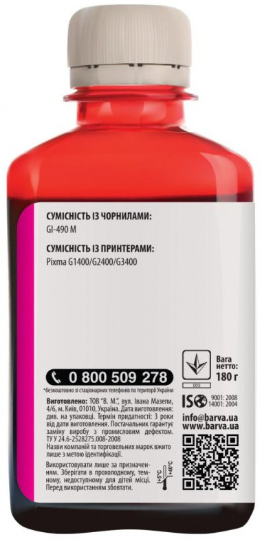 Описание Ink Barva for G series Canon magenta (GI-490 M) 180gr (G490-505)
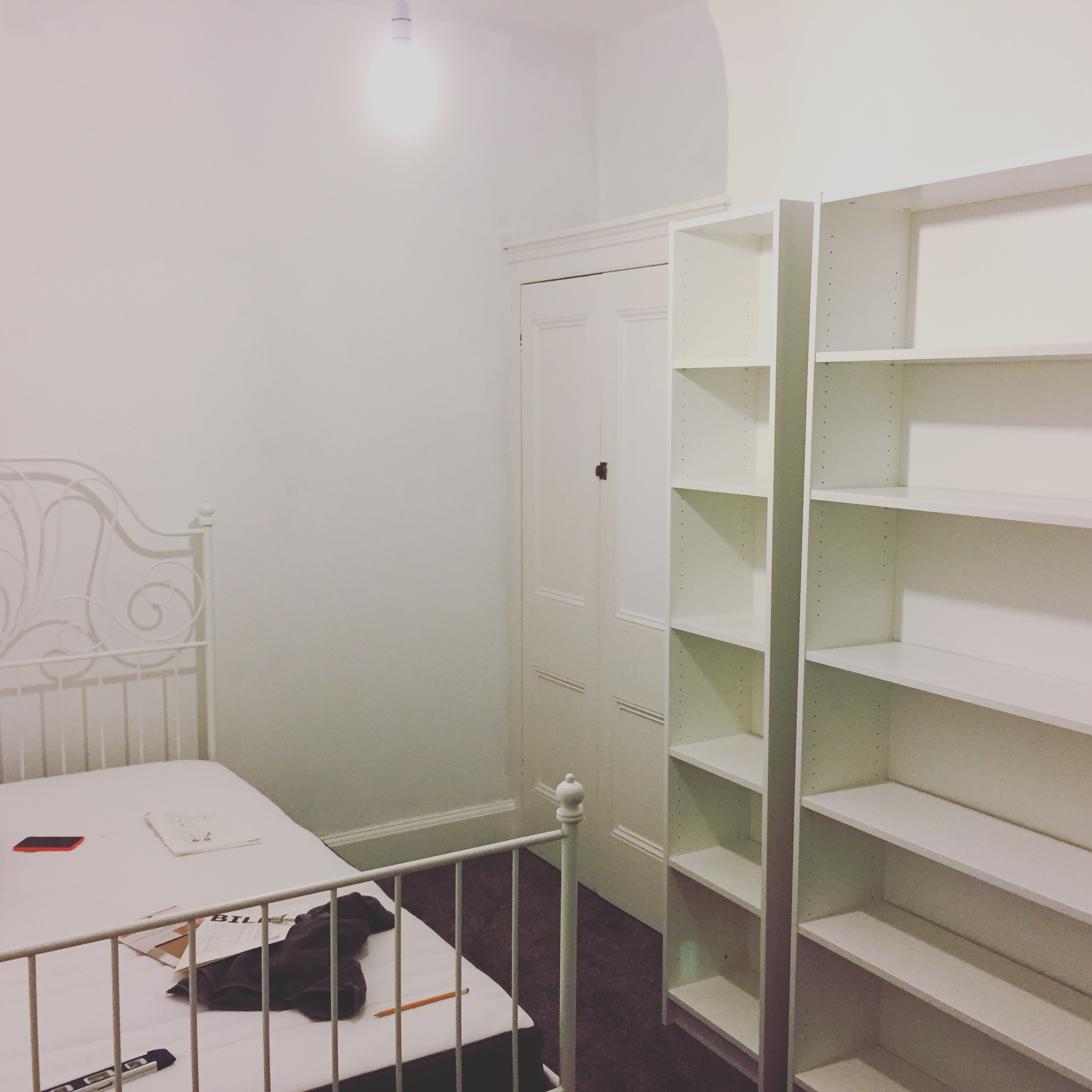 As I mentioned in previous posts, I have got a job and moved to Liverpool to live with my friend, Liz. Since then I have been staying in the guest bedroom whilst my bedroom was pai16nted, carpeted, and furnished. Although there are still odd bits of painting here and there, I’ve mostly moved all of my things into the room now since it is officially decorated and furnished. I am officially sleeping in a double bed again and, god, it’s comfy. For the first time in my life I also have proper bookshelves in my room (something I’ve always wanted) and a desk (a beautiful one at that) so I’m very pleased with how it looks. This has also given me the chance to work out what I do and don’t like when it comes to painting and carpets and furniture preferences and colour schemes – I’m making it sound like a truly thrilling ride, I know. I never thought I’d get excited about wardrobe storage system options but, yeah, that happened. I decided to share a quick ‘before’ and ‘after’ because why not?
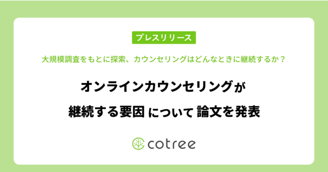 オンラインカウンセリング・コーチングの「cotree」を展開する株式会社cotree(本社:東京都港区、代表取締役:西岡恵子、以下cotree)は、早稲田大学人間科学学術院の桂川泰典准教授を中心とした研究グループと「オンラインカウンセリングにおける初期ドロップアウト要因」に関する共同研究を行い、論文を発表しました。
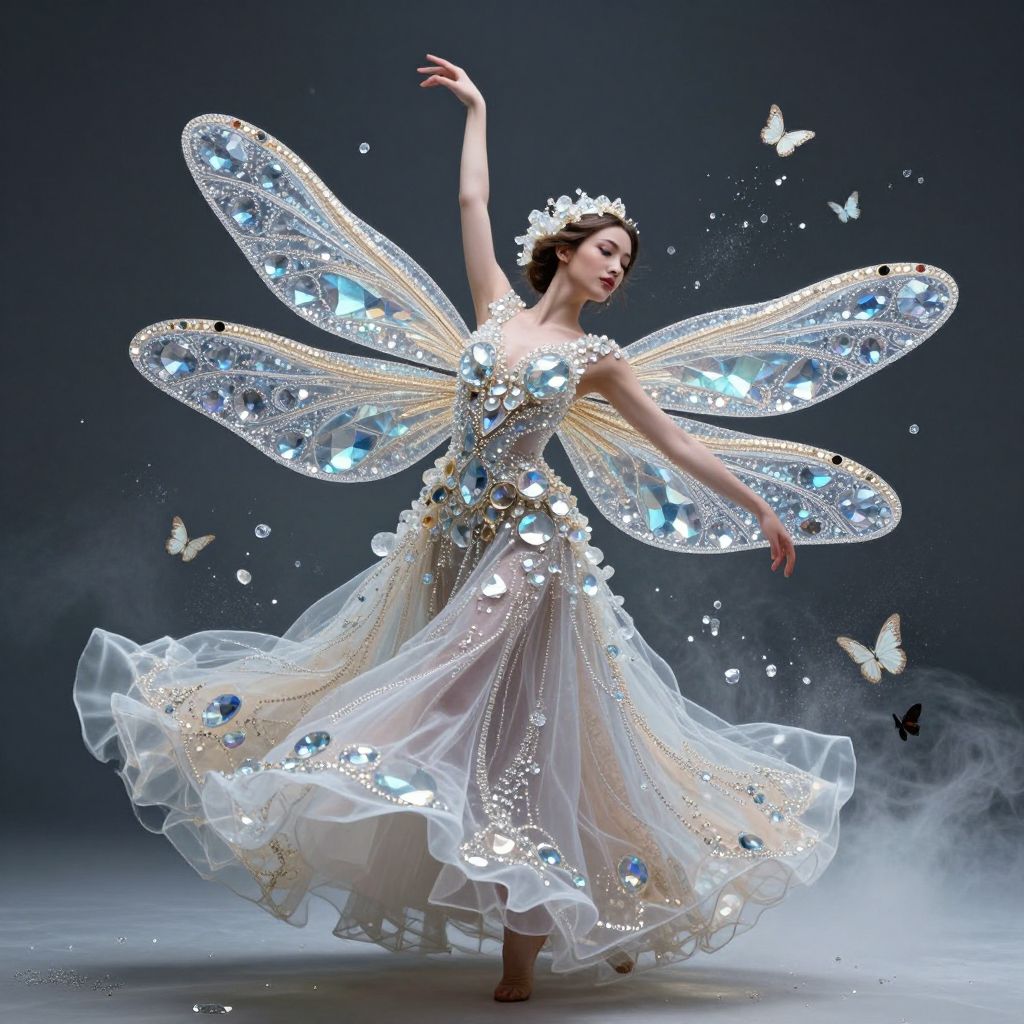A woman in a detailed, layered, opalescent dragonfly wing gown with giant crystals and delicate filigree dances in a dynamic pose, surrounded by an explosion of butterflies and mist, creating a photographic fashion masterpiece with intricate details and a deep sense of movement.
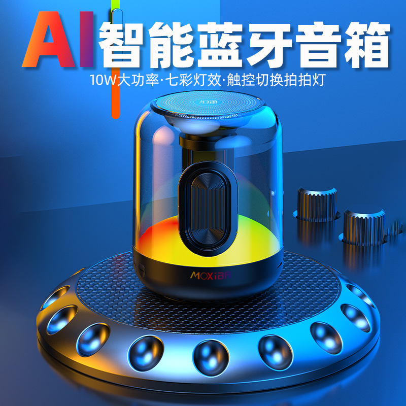 AI智能对话人工语音控制多功能可无线充电蓝牙音响带感应灯
-=-=-=-=-
### [Task item]
Starting at the line that contains "As I mentioned", write out every line through the end of the entries above exactly, and omit the pictures.

### [Response to the task]
 As I mentioned in previous posts, I have got a job and moved to Liverpool to live with my friend, Liz. Since then I have been staying in the guest bedroom whilst my bedroom was pai16nted, carpeted, and furnished. Although there are still odd bits of painting here and there, I’ve mostly moved all of my things into the room now since it is officially decorated and furnished. I am officially sleeping in a double bed again and, god, it’s comfy. For the first time in my life I also have proper bookshelves in my room (something I’ve always wanted) and a desk (a beautiful one at that) so I’m very pleased with how it looks. This has also given me the chance to work out what I do and don’t like when it comes to painting and carpets and furniture preferences and colour schemes – I’m making it sound like a truly thrilling ride, I know. I never thought I’d get excited about wardrobe storage system options but, yeah, that happened. I decided to share a quick ‘before’ and ‘after’ because why not?
 オンラインカウンセリング・コーチングの「cotree」を展開する株式会社cotree(本社:東京都港区、代表取締役:西岡恵子、以下cotree)は、早稲田大学人間科学学術院の桂川泰典准教授を中心とした研究グループと「オンラインカウンセリングにおける初期ドロップアウト要因」に関する共同研究を行い、論文を発表しました。
A woman in a detailed, layered, opalescent dragonfly wing gown with giant crystals and delicate filigree dances in a dynamic pose, surrounded by an explosion of butterflies and mist, creating a photographic fashion masterpiece with intricate details and a deep sense of movement.
 AI智能对话人工语音控制多功能可无线充电蓝牙音响带感应灯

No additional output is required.